Ich habe einen neuen PKW (Diesefahrzeug) teilweise finanziert, die Finanzierung wurde über das Autohaus vermittelt. Nach einigen Nachbesserungen wurde der Rücktritt vom Kaufvertag eingereicht.Das Fahrzeug ist 4 Monate alt.
Der Händler hat vom Hersteller die Empfehlung bekommen das Fahrzeug zurück zu nehmen. Der Händler würde das Fahrzeug auch zurücknehmen , möchte aber nicht auf den Kosten sitzenbleiben und droht mit einem Rechtsstreit.
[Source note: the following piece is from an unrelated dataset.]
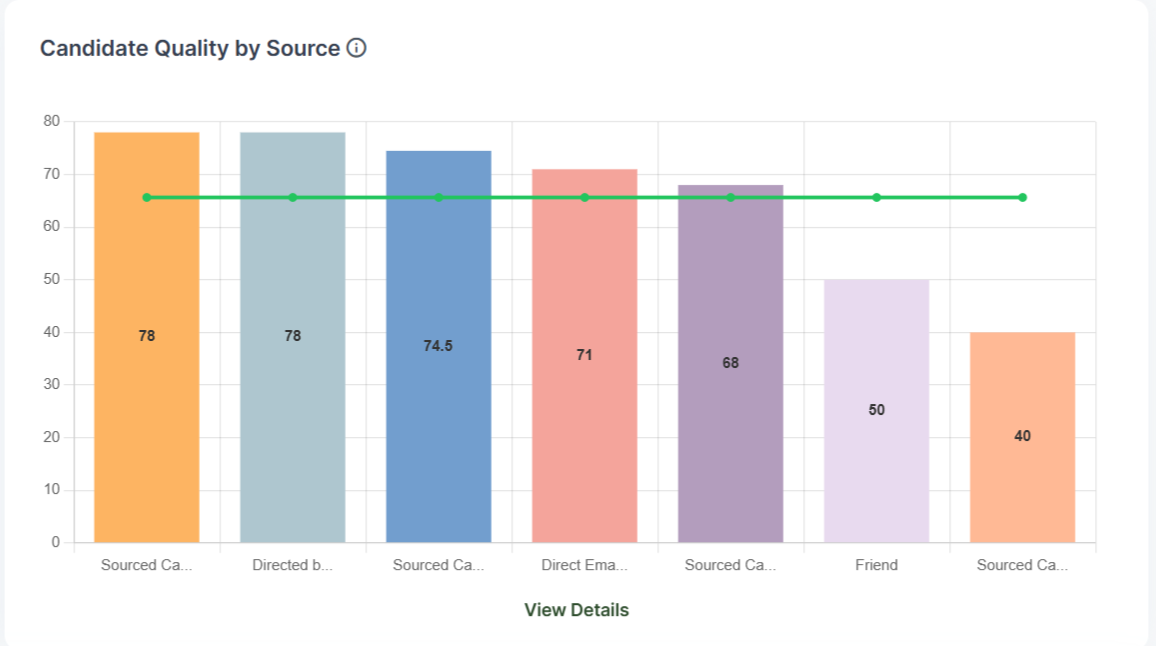 The Candidate Quality by Source widget measures the quality of candidates by calculating the average evaluation form score for all CVs coming from the same CV source. This allows you to assess which sources are providing the highest-quality candidates and make more informed decisions on where to focus your sourcing efforts.

Er erzählt mir etwas von Zinsen für den Kreditvertag, Kündigungsgebühren und Wertverlust durch die Zulassung.Dieser Wertverlust wäre mehr als die von mir angegebenen 0,67%/1000Km .. Da ich das Auto gefahren habe,müsste ich diese Gebühren selber tragen.Er müsste nicht meine Zinsen und Gebühren bezahlen. Stimmt das und wo steht das grundsätzlich geschrieben (auf welchen § kann ich mich berufen), oder gibt es auch Fälle , bei denen der Käufer diese anfallenden Zinsen und Gebühren bezahlen muss.Eigentlich möchte ich einem Rechtsstreit aus dem Weg gehen, was der Händler eigentlich auch will, aber ich sehe das irgendwie nicht ein, ich kann doch nichts für das schlechte Fahrzeug.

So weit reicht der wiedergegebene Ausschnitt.